Among past U.S. presidents, Ronald Reagan was the first sitting president to visit the DMZ in 1983. Afterwards, Bill Clinton and George W. Bush each visited guard posts adjacent to the Military Demarcation Line (MDL) within the DMZ in 1993 and 2002, respectively. Barack Obama also visited the DMZ in 2012. Donald Trump attempted to visit the DMZ during his 2017 visit to Korea but was unable to due to bad weather. However, in June 2019, he met with then-President Moon Jae-in and North Korean Workers' Party General Secretary Kim Jong-un at Panmunjom within the DMZ.

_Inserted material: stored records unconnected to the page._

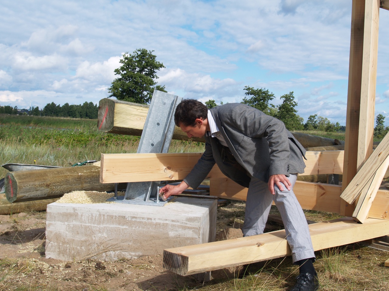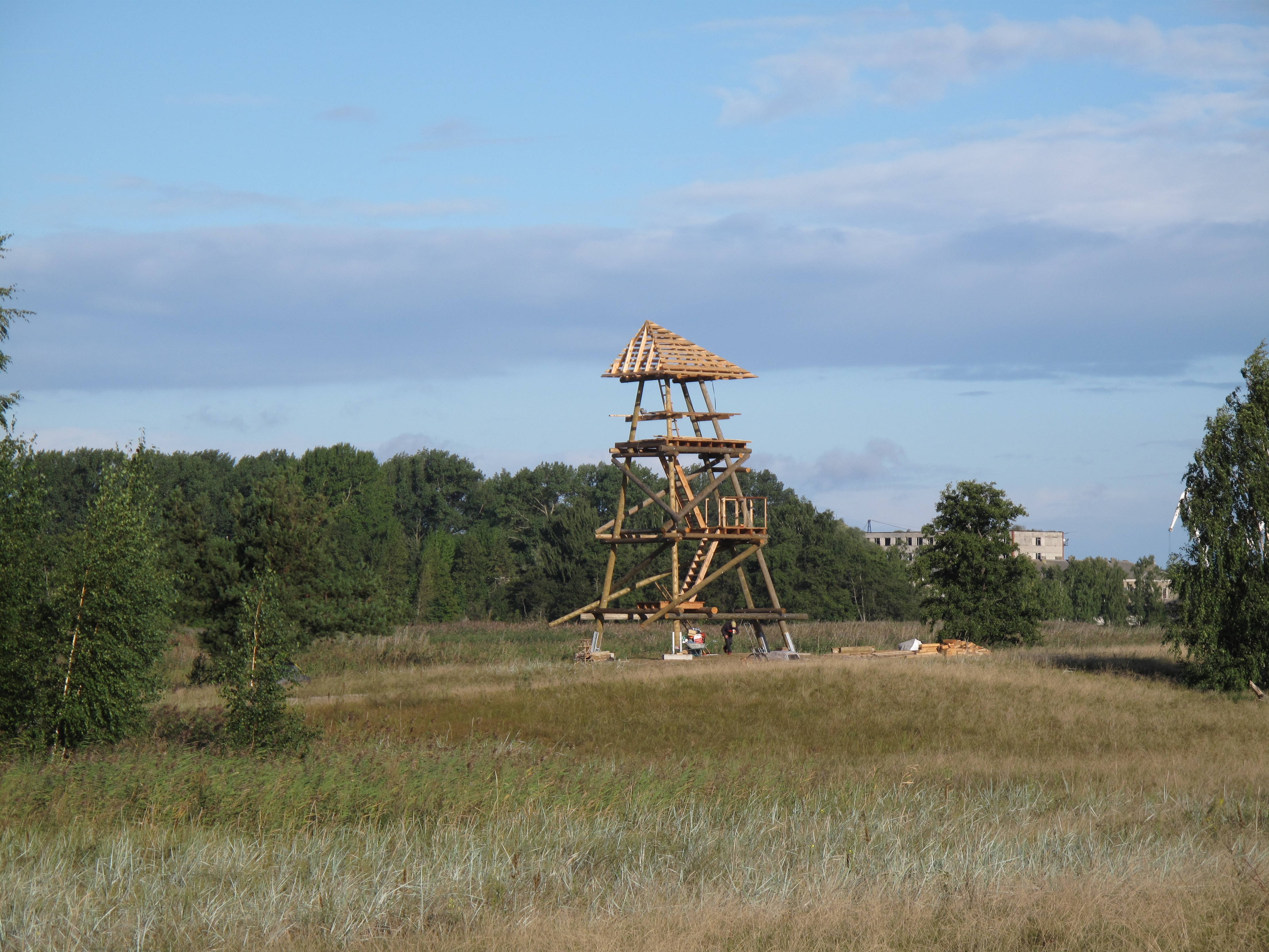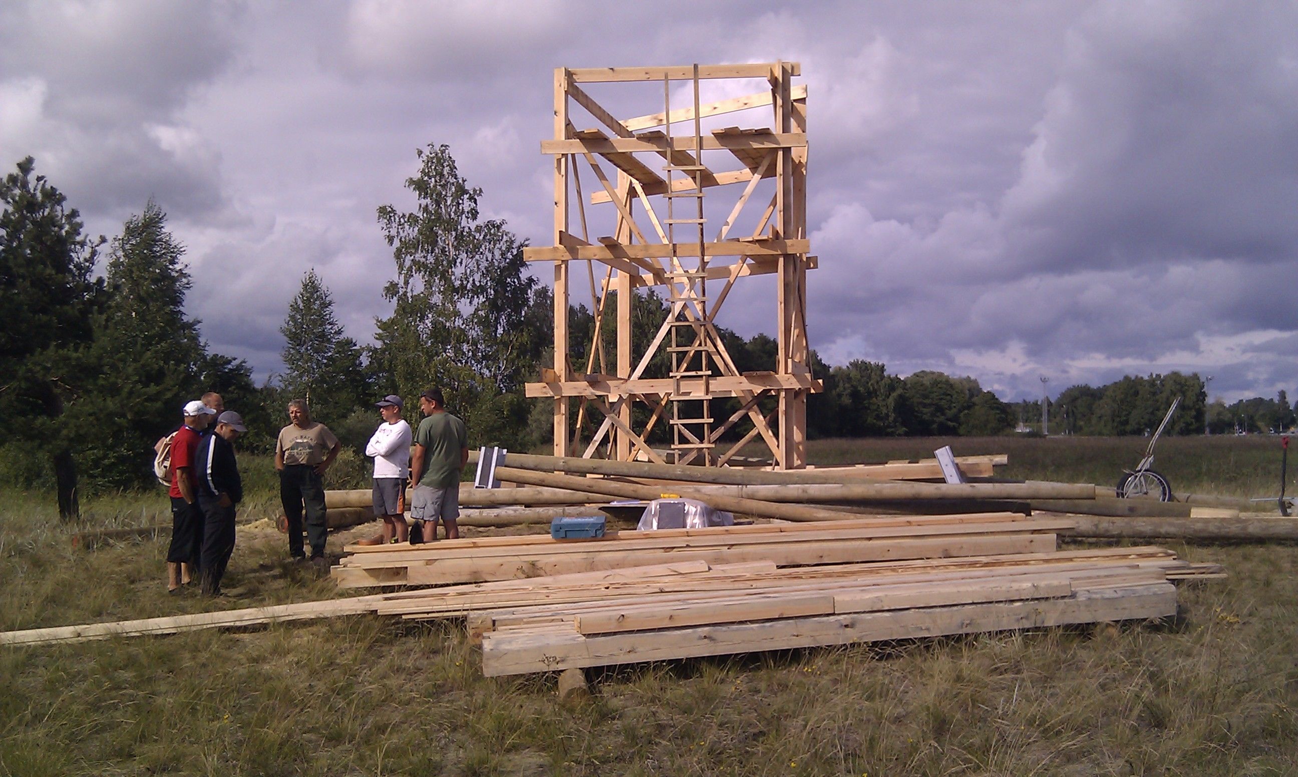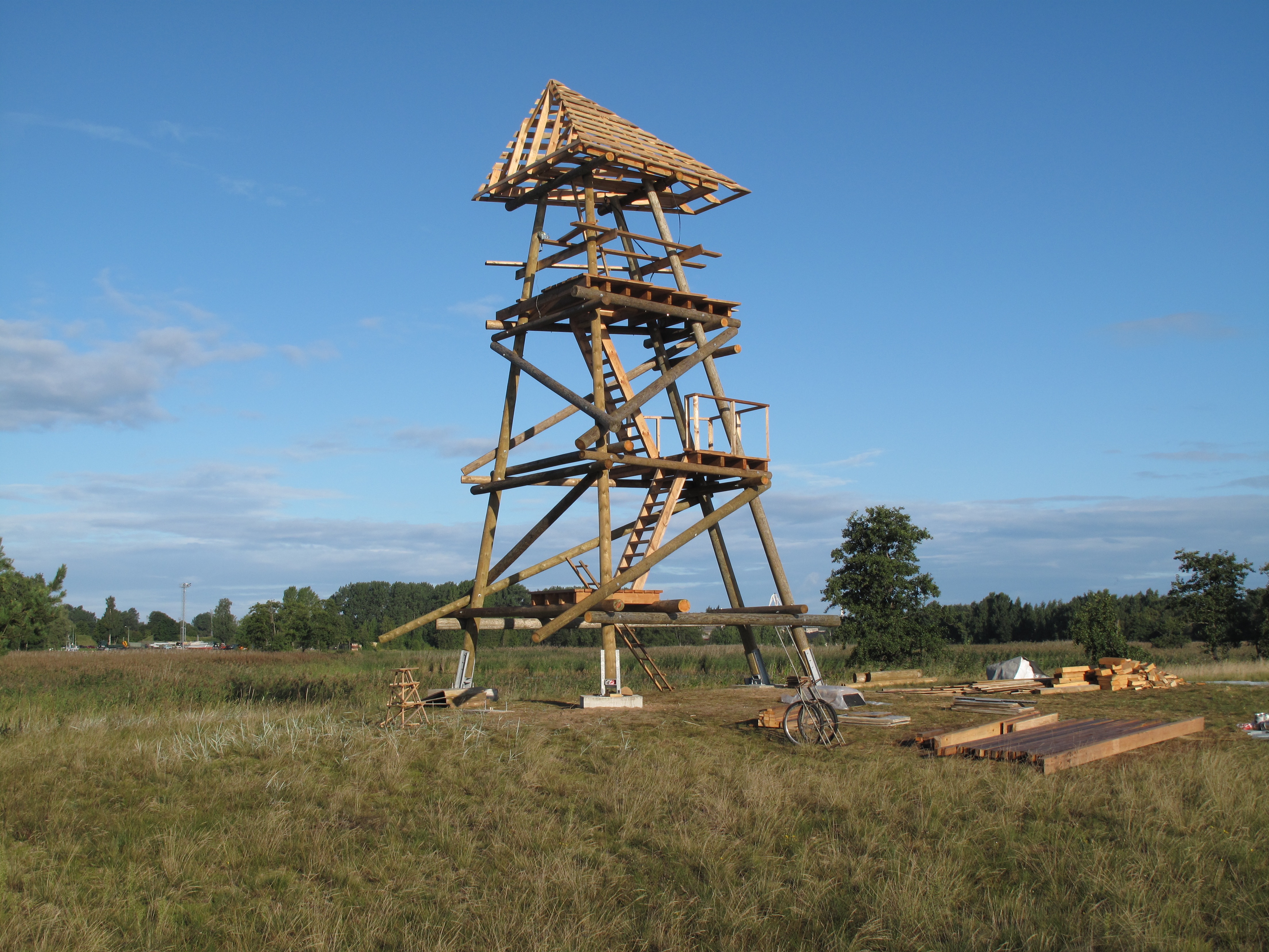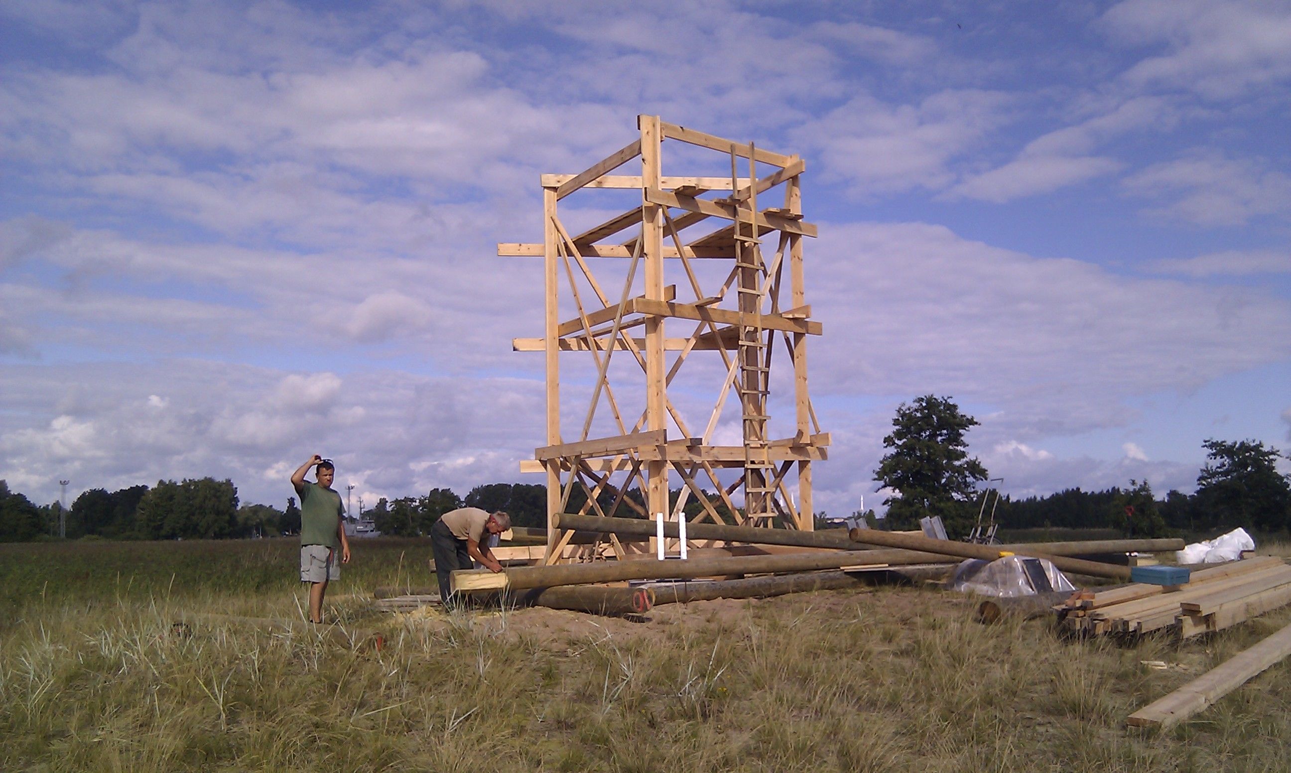 2011.gada Augusta sākumā tika ielikti tornim pamati un pludināti uz salu baļķi torņa karkasam un stalažām. 10.augustā jau bija uzslietas stalažas un teju jau slieti karkasa baļķi. Augusta vidū plānots iebetonēt kāpņu pamatakmeni un tajā ievietot kapsulu.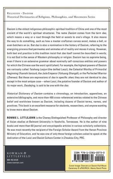 Historical Dictionary of Daoism contains a chronology, an introduction, appendixes and an extensive bibliography. The dictionary section has over 400 cross-referenced entries on related to the Chinese belief and practice worldview known as Daoism including dozens of Daoist terms, names, and practices.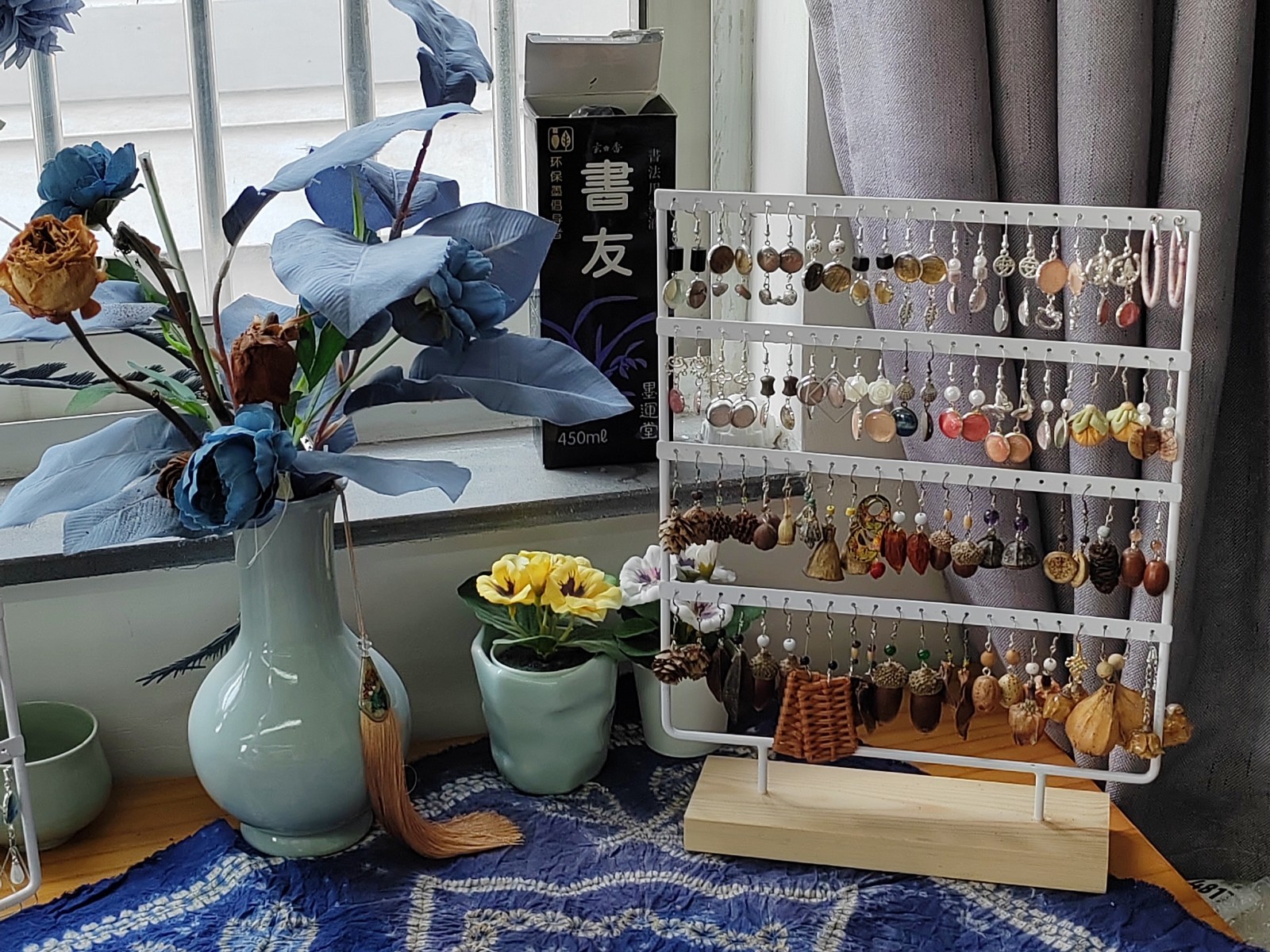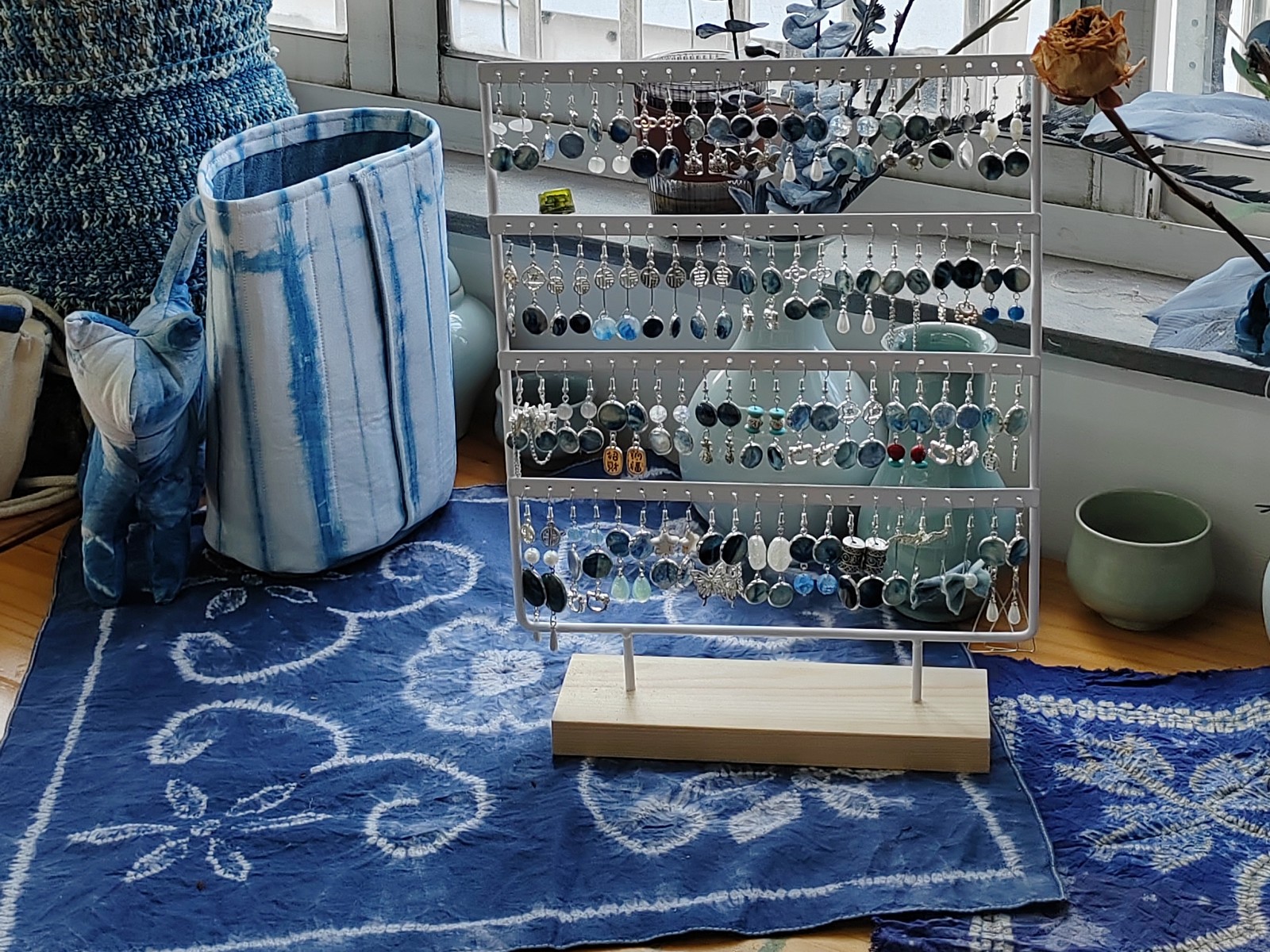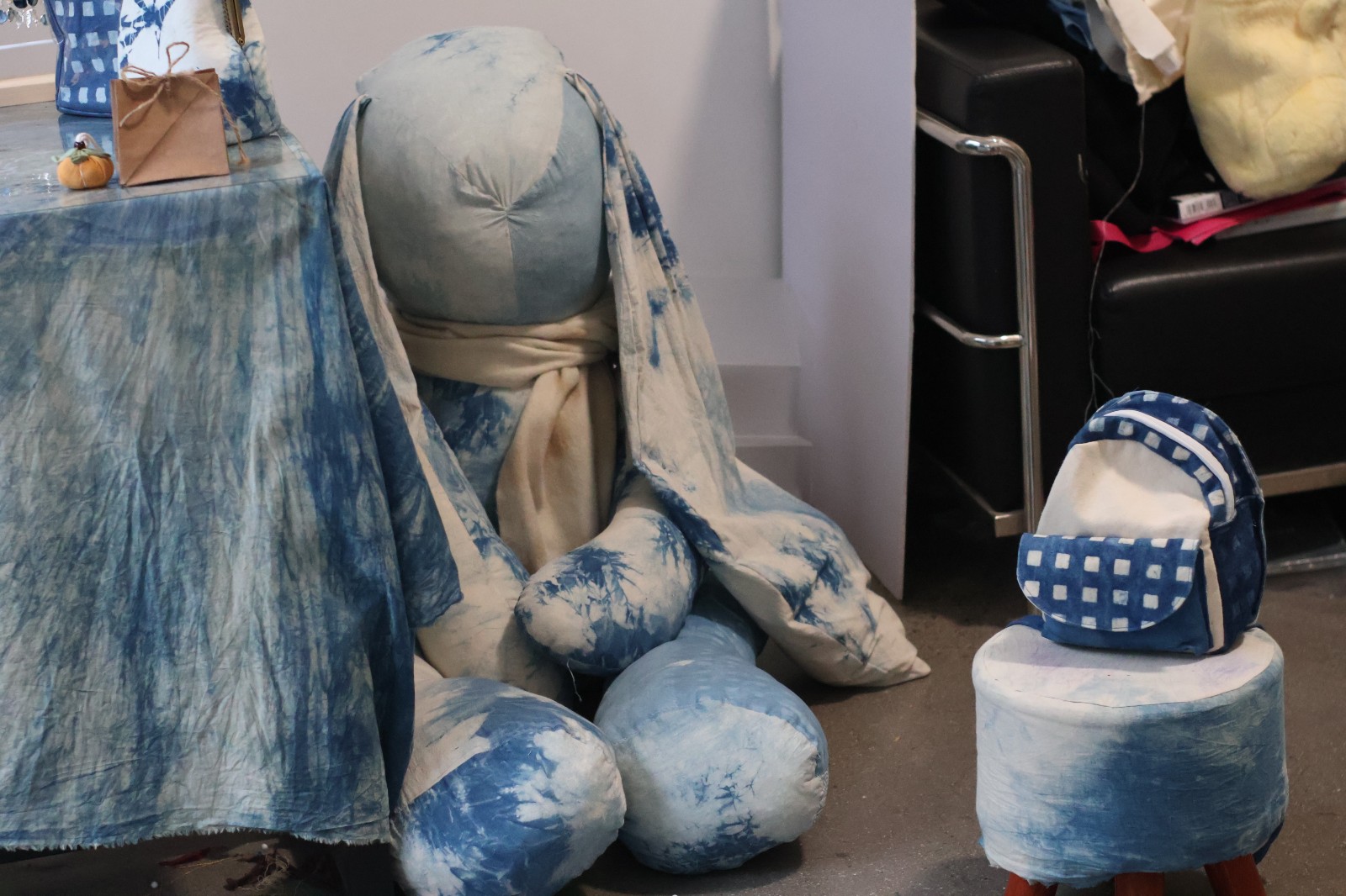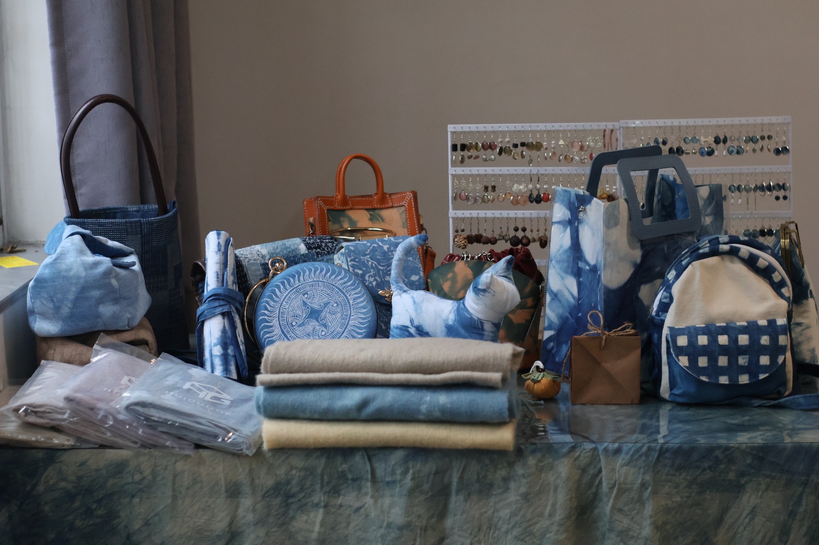 集市上,摊位热闹非凡,商品琳琅满目。手工艺学院民族传统技艺专业的师生团队紧扣课程体系,以独特的创意打造了别具特色的传统手工艺品,蓝染挂件、饰品、年历和植物染围巾被周边社区居民反复称赞。

As for President Biden, he visited the DMZ during his visits to Korea as Chairman of the U.S. Senate Foreign Relations Committee in August 2001 and as Vice President in December 2013.


If President Biden visits the DMZ again during this visit, the core message is likely to be “restraint from provocations by North Korea.” When former President Obama visited in 2012, he delivered an indirect message to North Korea, saying, "There is no place more clearly and starkly contrasting in terms of freedom and prosperity than South and North Korea."


Since the beginning of this year until the 12th of this month, North Korea has carried out a total of 16 military provocations, including missile launches and multiple rocket launcher firings, with one failure included. In particular, North Korea has begun restoring the underground tunnels at the nuclear test site in Punggye-ri, Kilju County, North Hamgyong Province, which was closed in May 2018, and it is anticipated that the seventh nuclear test will be conducted soon.


However, some speculate that if the spread of the novel coronavirus (COVID-19) in North Korea continues uncontrollably, President Biden’s plan to visit the DMZ may be canceled.